From the records, return each line that has the word "Hofladen" in it.
================================
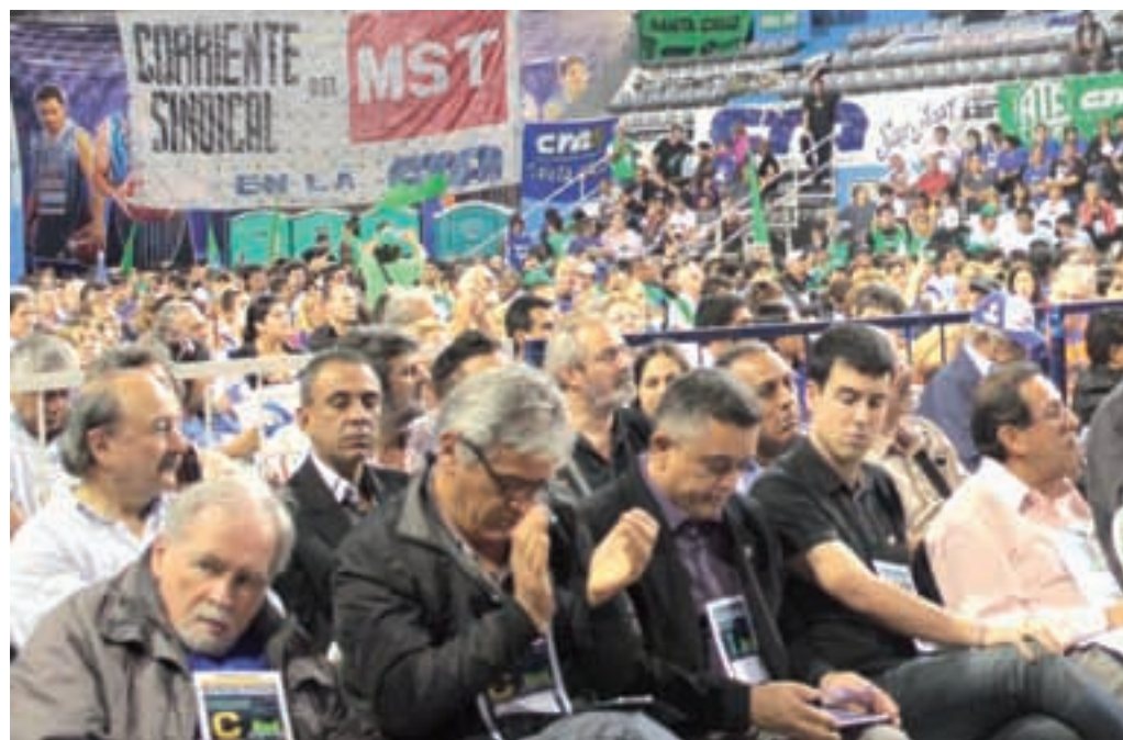
Una vista del Congreso de Mar del Plata.

Lamentablemente, lo demostró la realidad de la jornada del 10, se perdió una oportunidad. No solamente para que la CTA sume su potencial de movilización para fortalecer el paro, sino para que aparezca en las calles como un actor protagónico, dándole visibilidad al programa de 33 puntos y marcando un norte concreto para miles de trabajadores que necesitan una central «clasista y anticapitalista» y que están hartos de la vieja burocracia sindical.
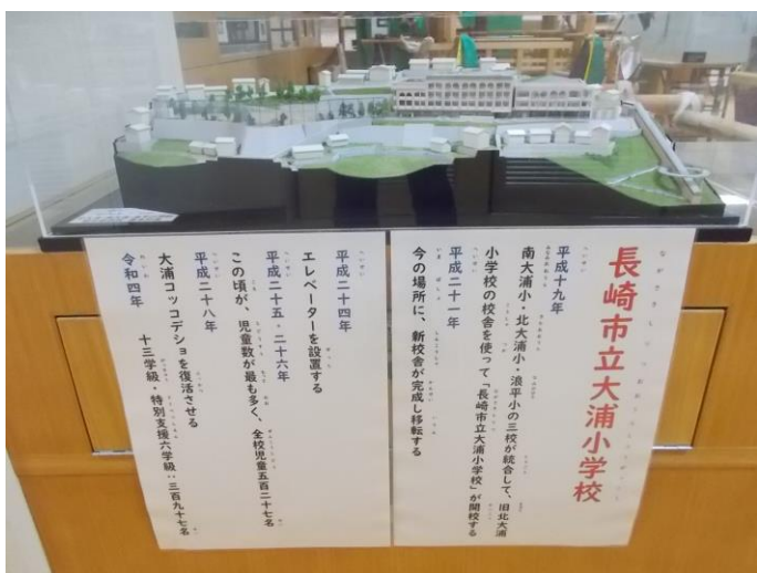
大浦小学校の校舎模型
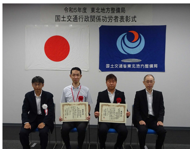
【受賞者との記念撮影】
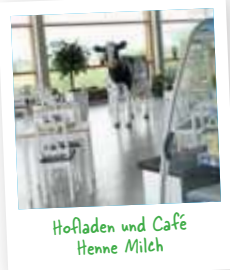
Hofladen und Café Henne Milch

Fahren Sie jetzt über die Ortsverbindungsstraße durch die sanft hügelige Landschaft über Zuchenberg an Pferdekoppeln vorbei nach Schmargendorf. Direkt neben dem Molkereibetrieb wurde das Erlebniszentrum Hemme-Milch mit Hofladen und Café eröffnet. Der Blick aus der hohen Glasfassade ist einzigartig schön. Stärken Sie sich mit einem Käsekuchen nach alter Rezeptur oder lassen Sie sich eine Kühltasche mit regionalen Produkten füllen.
================================
§ SOLUTION FOR THIS EXERCISE
Hofladen und Café Henne Milch
Fahren Sie jetzt über die Ortsverbindungsstraße durch die sanft hügelige Landschaft über Zuchenberg an Pferdekoppeln vorbei nach Schmargendorf. Direkt neben dem Molkereibetrieb wurde das Erlebniszentrum Hemme-Milch mit Hofladen und Café eröffnet. Der Blick aus der hohen Glasfassade ist einzigartig schön. Stärken Sie sich mit einem Käsekuchen nach alter Rezeptur oder lassen Sie sich eine Kühltasche mit regionalen Produkten füllen.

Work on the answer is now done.